Billions of dollars are flowing into digital currency. And the energy-intensive operations needed to create and store bitcoin have lit up power demand, a potential boon to the region's slow-growth utility companies.
Electricity-rich North Dakota aims to become a crypto hub. Even municipal utilities in Brainerd and Glencoe, Minn., are tapping into bitcoin production.
A new cryptocurrency operation in Jamestown, N.D. — served by Minnesota's Otter Tail Power — will easily draw twice as much electricity as the entire city. The crypto center immediately became Otter Tail's second largest customer, and it may eventually double in size.
"We are continually contacted about adding new ones," said Tim Rogelstad, president of Fergus Falls-based Otter Tail. "The question we are wrestling with is, 'What can we accommodate?'"

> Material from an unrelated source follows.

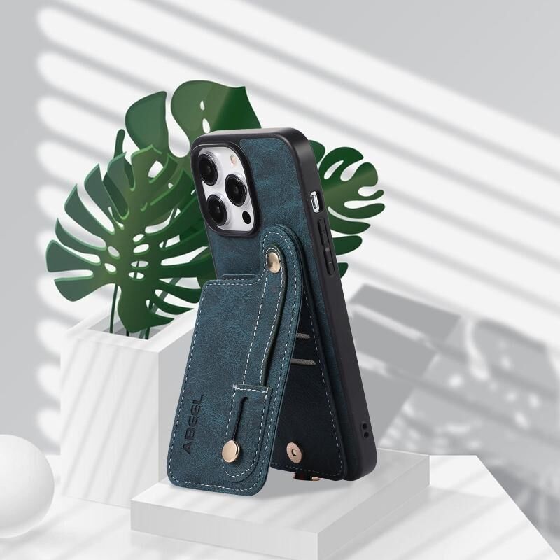 Θήκη τηλεφώνου για iPhone 15 Pro Max ABEEL με υφή δέρματος λυτσί, κάρτας από PU (Μπλε)

The fast expansion in cryptocurrency, though, comes with a catch.
If utilities don't adequately manage crypto's voracious electricity appetite, they risk saddling ratepayers with higher costs. And the U.S. electric grid — like much of the world's — is still anchored in climate-eroding fossil fuels.
That means crypto's rapid expansion is exacerbating climate change, the industry's critics say. "The question is, to what extent?" said Alex de Vries, an economist and data scientist in the Netherlands.
On his Digiconomist website, de Vries estimates bitcoin's carbon footprint is equal to that of the Czech Republic. Put in financial terms, one bitcoin transaction emits as much carbon dioxide as 2.7 million Visa credit card settlements.